As the QRC continues
its mission to reach out to students at the Claremont Colleges, it would be
commendable to begin a dialogue by asking what can be done to make itself more
accessible as an organization. For example, rebranding itself as the “Sexuality
& Gender Resource Center” could be a very positive first step in further
integration into the 5C culture.

But
who am I to decide what it should be called? My goal here is to make both
students and faculty members aware of the severe connotations the word ‘queer’ continues to carry. Changing—even keeping—the name of such a staple institution
of the 5Cs requires more than just an op-ed; it requires a campus-wide effort
to understand the history behind the word and how it affects the LGBT community
today.

To
be clear, I am not in any way trying to attack the Queer Resource Center.
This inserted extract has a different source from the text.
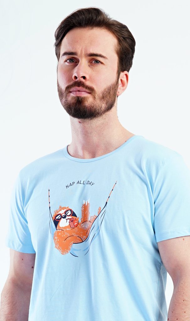 Pánské šortkové pyžamo Pohodář. Pánské pyžamo se skládá z trička s krátkým rukávem a krátkých šortkových kalhot. Na tričku je obrázek lenochoda v houpací síti. Šortky mají kapsy, v pase gumu a šňůrku na stáhnutí. Použitý materiál je příjemný a poddaný na dotek. Obsah bavlny u trička je 100% a u šortek 70%. Pyžamo je vhodné i na denní nošení a oceníte ho obzvlášť v horkých letních dnech.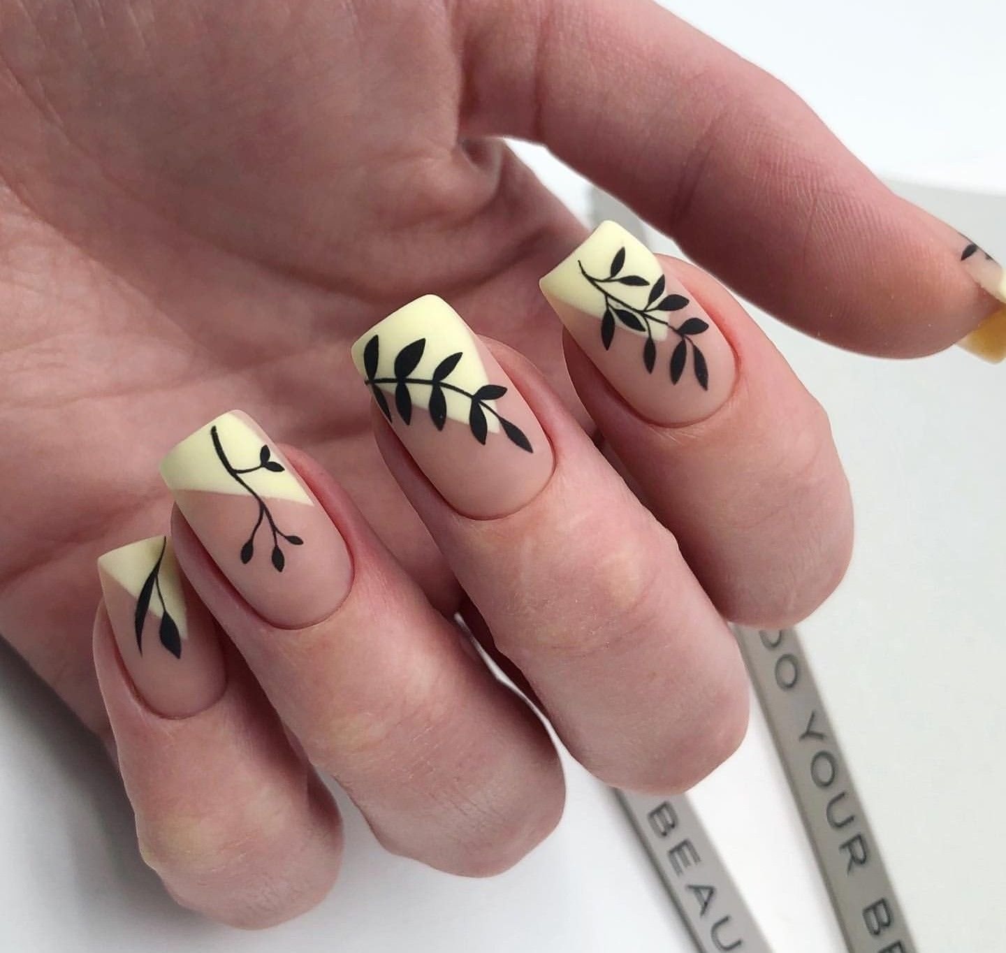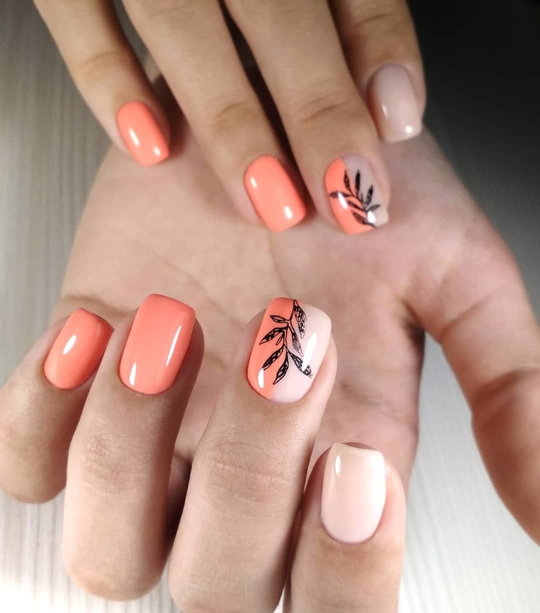 Маникюр с листочками черными

They are most certainly an invaluable asset
to the Claremont Colleges that facilitates important services, resources and
events. It is my sincere belief,
however, that changing the name to something more inclusive and welcoming would
serve to make the organization a stronger and more effective presence on
campus.

Chance Kawar PZ ’17 is a political studies major from San Diego, Calif. He currently serves as sophomore class president at Pitzer College.